İsmail Beşikçi (born 1939 in İskilip, Turkey) is a Turkish sociologist, philosopher, revolutionist, and writer. He is a PEN Honorary Member. He has served 17 years in prison on propaganda charges stemming from his writings about the Kurdish population in Middle East.

Early life and education 
Beşikçi studied at the Faculty of Political Sciences of Ankara University, and graduated in 1962. After his military duty he became an assistant professor at Atatürk University in Erzurum. He prepared his first anthropological study, an investigation of one of the last nomadic Kurdish tribes, the Alikan, here, which he submitted in 1967 to the Ankara Faculty of Political Sciences. His second encounter with the Kurds was during his military service when he served in Bitlis and Hakkâri where he first saw the nomadic Alikan tribe pass through Bitlis on their migrations from winter to summer meadows and back.

Professional career 
His book "The order of East Anatolia", first published in 1969, in which he sought to adapt and apply Marxist concepts to the analysis of Kurdish society and to the processes of socio-economic and political change taking place, made him a public enemy. While the book did not cause much debate either in academic or left intellectual circles, the university took disciplinary measures against him which would lead to a trial after the 1971 coup. He was detained and put on trial for communist and anti-national propaganda where he was sentenced to 13 years imprisonment for violating the indivisibility of the Turkish nation. Beşikçi did not have to serve his full 13 years and benefited amnesty in late 1974. He unsuccessfully applied for a position at the Faculty of Political Sciences in Ankara, which in 1970 had appeared willing to employ him. He never found academic employment again and was henceforth working to do his research as an independent scholar in economically precarious circumstances.

On Kurds 
For many years, Ismail Beşikçi was the only non-Kurdish person in Turkey to speak out loud and clearly in defense of the rights of the Kurds. Continuing to write and speak in spite of all attempts to silence him, Beşikçi has become a powerful and important symbol for the Kurds and for the human rights movement of Turkey.  He has been described as "modern Turkey's pioneer of Kurdish studies".

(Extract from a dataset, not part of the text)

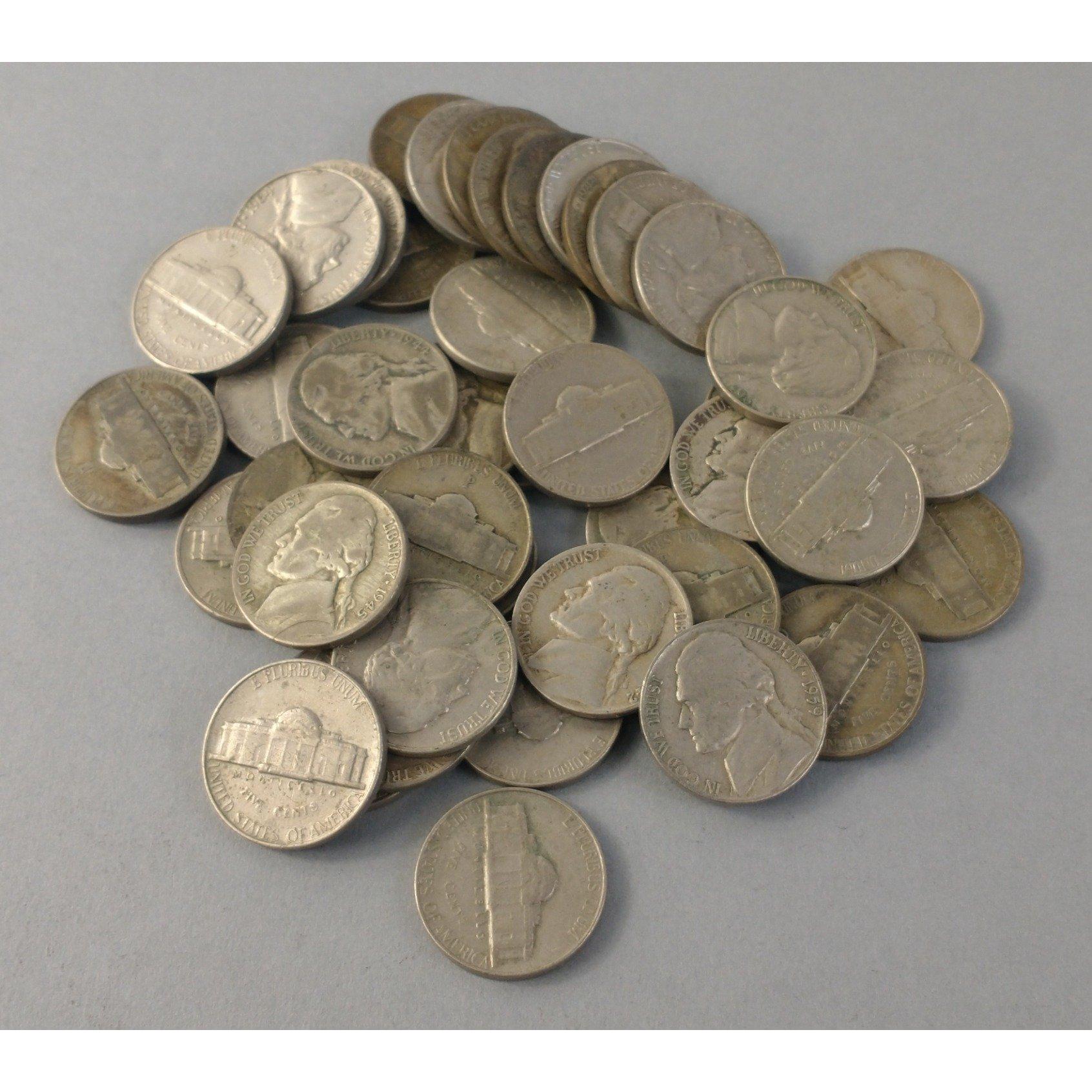 A selection of UNITED STATES Five Cents Jefferson Nickels in various grades but most with wear. All 1930s / 1940s / 1950s. Total gross weight 210g approx.

Ismail Besikci has authored several important works on Kurdish social organization and the continuing plight of Kurds today. His most famous work is International Colony Kurdistan. Besikci argues that the Turkish state has been practicing a policy of genocide against Kurds over the past 80 years. International Colony Kurdistan is probably Besikci's most open critique of the present division of Kurdistan, an ethnically contagious area (mainly) between Turkey, Iran and Iraq - with a Kurdish population of several million people. Besikci argues that, for all their political differences, there is a longstanding understanding between these regional states to deny Kurds the right of self-determination and nationhood. Ismail Besikci's International Colony Kurdistan was originally published in 1991 and led to the imprisonment of the author in Turkey. The book remains a roadmap for our understanding of Kurdistan today.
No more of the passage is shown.